Julia uses LLVM, which provides the middle layers of a compilation system. For example, on a Mac, the default C/C++ compiler is Clang, which is build on LLVM.

LLVM provides an intermediate representation (IR) that is independent of the programming language and can be thought of as a high-level assembly language. By going through LLVM’s IR, one can take advantage of LLVM’s tools for code optimization.

JIT examples

Multiple dispatch

Julia compiles version of functions for each type of inputs. Let’s see that with an example.

function mysum(x)
  out=(typeof(x[1]))(0)
  n = length(x)
  for i in 1:n
     out += x[i]
  end
  return out
end

xfloat = [3.1, 5.7, 3.2]
xfloat32 = Float32[3.1, 5.7, 3.2]
xint = [3, 5, 4]

@time mysum(xfloat)

  0.010575 seconds (2.86 k allocations: 194.250 KiB, 99.75% compilation time)

12.0

@time mysum(xfloat)

  0.000009 seconds (1 allocation: 16 bytes)

12.0

@time mysum(xfloat32)

  0.009736 seconds (2.85 k allocations: 193.719 KiB, 99.74% compilation time)

11.999999f0

@time mysum(xint)

  0.013541 seconds (2.85 k allocations: 193.688 KiB, 99.83% compilation time)

For loop speed

Let’s explore the timing of Julia looping to better understand the JIT compilation.

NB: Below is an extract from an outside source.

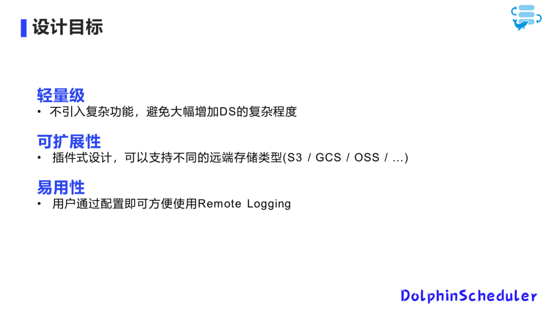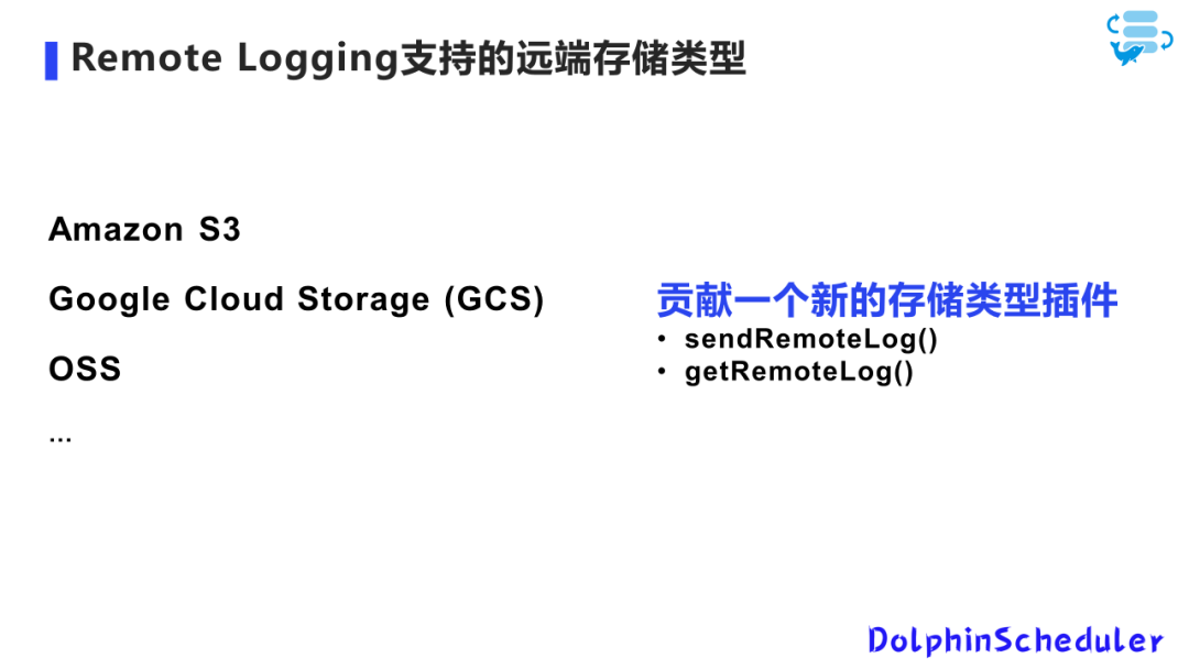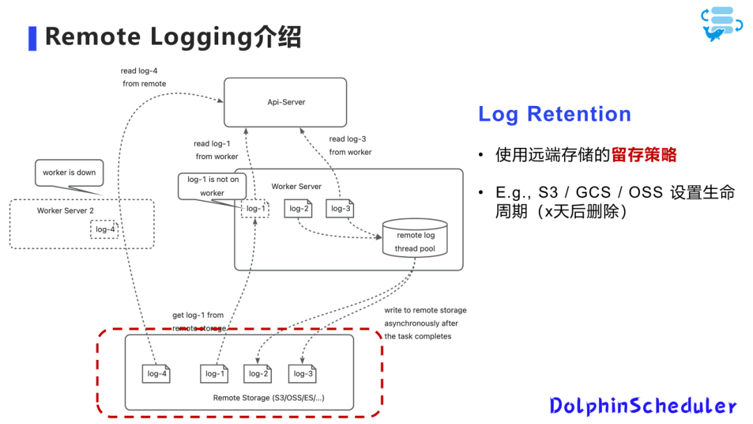 第三部分,我们要讨论的是任务日志的留存机制。我们之前提到过,我们的设计目标是保持轻量级,所以我们选择利用远端存储本身的日志留存机制,而没有将日志留存机制集成到Apache DolphinScheduler中。

We’ll use the well-used example of the Monte Carlo approach to estimating \(\pi\).

Here’s a Julia implementation:

in_circle = 0;
num_throws = 5000;

# Run Monte Carlo simulation
for _ in 1:num_throws
  # Generate random x and y coordinates between -1 and 1.
  xpos = rand() * 2 - 1.0  # Equivalent to random.uniform(-1.0, 1.0)
  ypos = rand() * 2 - 1.0

  # Check if point is inside unit circle.
  if sqrt(xpos^2 + ypos^2) <= 1.0  # Equivalent to math.hypot()
    in_circle += 1
  end
end

# Estimate PI
pi_estimate = 4 * in_circle / num_throws

3.176

Exercise

Try the following:

Time the for loop above without putting it into a function (@time begin ... end).
Put the code within a function and time it using @time when running the first time.
Time it after running it a second time
Time a vectorized version without the loop (also within a function)

Fill in your timing answers in this Google form and we’ll discuss during the next class.

Here’s some Julia code to explore this further.

JIT and global versus local variables

Using global variables is much less efficient than using local variables because the type of the global variable could change and that makes it hard to generate simple optimized code.

function squaresum(x, y)
  return x^2 + y^2
end

function squaresum_with_global(x)
  return x^2 + y^2
end

squaresum_with_global (generic function with 1 method)

The intermediate representations

Let’s look at the LLVM (intermediate representation) code produced by the JIT compilation process.

The LLVM code for the basic version is simple and in fact we can read and understand it.

@code_llvm squaresum(4, 3)

;  @ In[7]:1 within `squaresum`
define i64 @julia_squaresum_952(i64 signext %0, i64 signext %1) #0 {
top:
;  @ In[7]:2 within `squaresum`
; ┌ @ intfuncs.jl:332 within `literal_pow`
; │┌ @ int.jl:88 within `*`
    %2 = mul i64 %0, %0
    %3 = mul i64 %1, %1
; └└
; ┌ @ int.jl:87 within `+`
   %4 = add i64 %3, %2
; └
  ret i64 %4
}

In contrast the LLVM code for the version with the global is quite complicated (and only partially shown below).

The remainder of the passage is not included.